Senior Site Reliability Engineer (SRE), Platform Team

ReadyOn

ReadyOn

Software Engineering
San Francisco, CA, USA
Posted on Sep 23, 2025

Senior Site Reliability Engineer (SRE), Platform Team

About the role

As a Senior Site Reliability Engineer, you’ll lead the reliability and operations of our Kubernetes-based platform, ensuring scalable, resilient application deployments via GitOps. You’ll drive operational excellence by spearheading incident investigations, root cause analysis, and post-mortems to minimize downtime. Your expertise in observability, Kubernetes, ArgoCD, and CI/CD will empower developer productivity and system stability.
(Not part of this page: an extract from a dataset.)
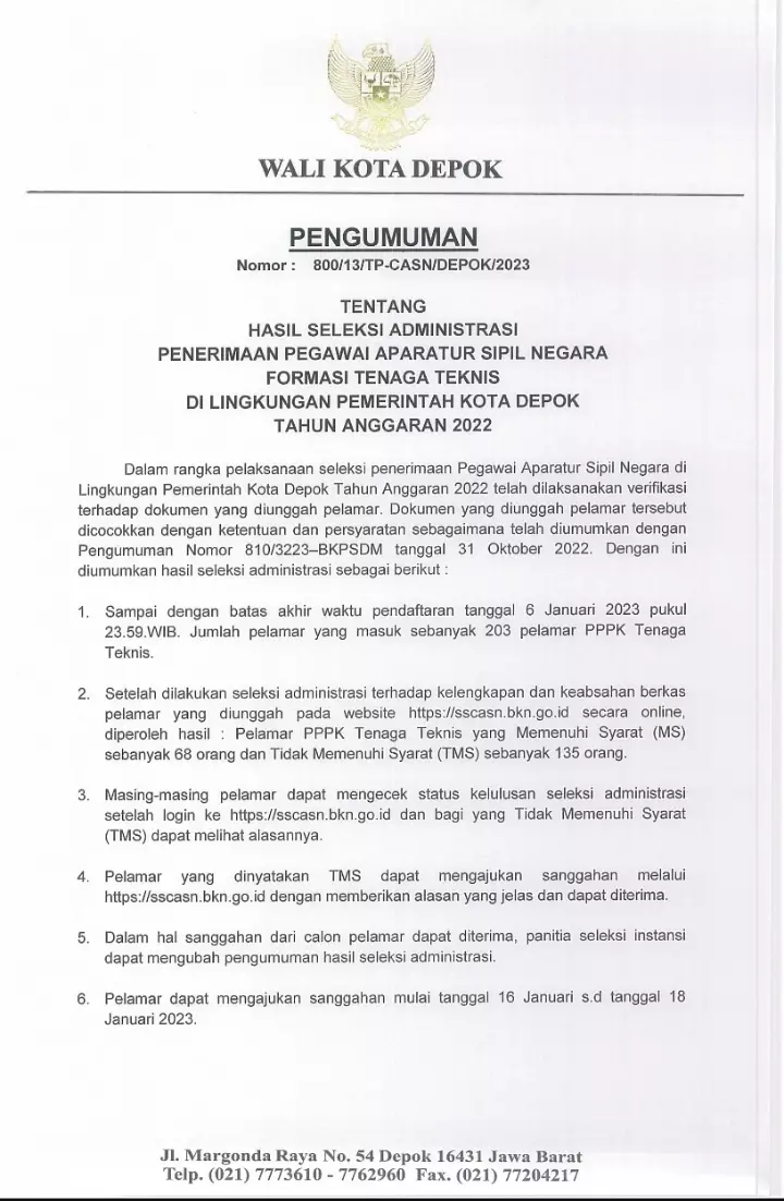 pojokdepok.com- Pemerintah Kota (Pemkot) Depok telah mengumumkan hasil seleksi administrasi penerimaan pegawai aparatur sipil negara formasi tenaga teknis. Hal tersebut disampaikan melalui Surat Pengumuman Nomor: 800/13/TP-CASN/DEPOK/2023 tentang Hasil Seleksi Administrasi Penerimaan Pegawai Aparatur Sipil Negara Formasi Tenaga Teknis di Lingkungan Pemkot Depok Tahun Anggaran 2022.

We’re seeking a proactive go-getter who thrives in fast-paced startup environments, anticipates issues, and champions continuous improvements in reliability and performance.

Responsibilities

Infrastructure & Observability:

  • Manage multi-cluster Kubernetes environments for high availability
  • Design and enhance observability systems (monitoring, logging, tracing with Prometheus, OpenTelemetry, Grafana, ELK)
  • Configure ingress, service mesh, and networking for performance and security
  • Implement Infrastructure as Code (IaC) using Terraform for AWS infrastructure

Operations & Incident Leadership:

  • Lead incident response, investigations, and post-mortems to drive root cause resolution
  • Design proactive monitoring and alerting systems to minimize outages
  • Establish SLAs/SLOs and conduct chaos engineering to improve reliability
  • Build and automate remediation runbooks
  • Lead and coordinate regular Failover and Disaster Recovery drills to validate recovery procedures and minimize RTO/RPO
  • Mentor teams on operational best practices and troubleshooting

Platform Engineering:

  • Develop and maintain internal tools and automation using ArgoCD for Kubernetes continuous delivery, enhancing developer productivity and platform reliability.
  • Design and implement platform features (e.g., service templates, libraries, security controls) supporting scalable, automated GitOps deployments.
  • Drive cloud-native technology adoption and optimization, integrating with continuous delivery pipelines.
  • Collaborate with application teams, providing platform support, and promoting reliability and scalability best practices.

Cloud Operations:

  • Manage AWS services (Kubernetes, RDS, VPC, IAM) in multi-account, multi-region setups
  • Optimize infrastructure for cost, performance, and scalability
  • Enforce security policies and compliance standards

Your background

Core:

  • 5+ years in SRE, DevOps, or Platform Engineering (7–10+ years preferred)
  • Expert in Kubernetes, Helm, and GitOps (ArgoCD/Flux)
  • Advanced observability skills (OpenTelemetry)
  • Proficient in Terraform and AWS services (RDS, VPC, IAM)
  • Strong scripting/automation (Python, Bash)
  • Proven leadership in incident investigations and system troubleshooting
  • Expertise in CI/CD pipelines (e.g., GitHub Actions)
  • Solid Linux operations and networking fundamentals
  • Experience operating production-grade platforms at scale

Preferred:

  • PostgreSQL administration and migration automation
  • Service mesh expertise (e.g., Istio)
  • Mentoring junior engineers in operational practices
  • Security engineering in cloud environments

Certifications (Preferred):

  • CKA/CKAD
  • AWS Solutions Architect or DevOps Engineer
  • Terraform Associate

To apply

If you’re excited about this opportunity and believe you’d be a great fit, we’d love to hear from you! Send a short note to careers@readyon.ai on why you’re interested in joining ReadyOn.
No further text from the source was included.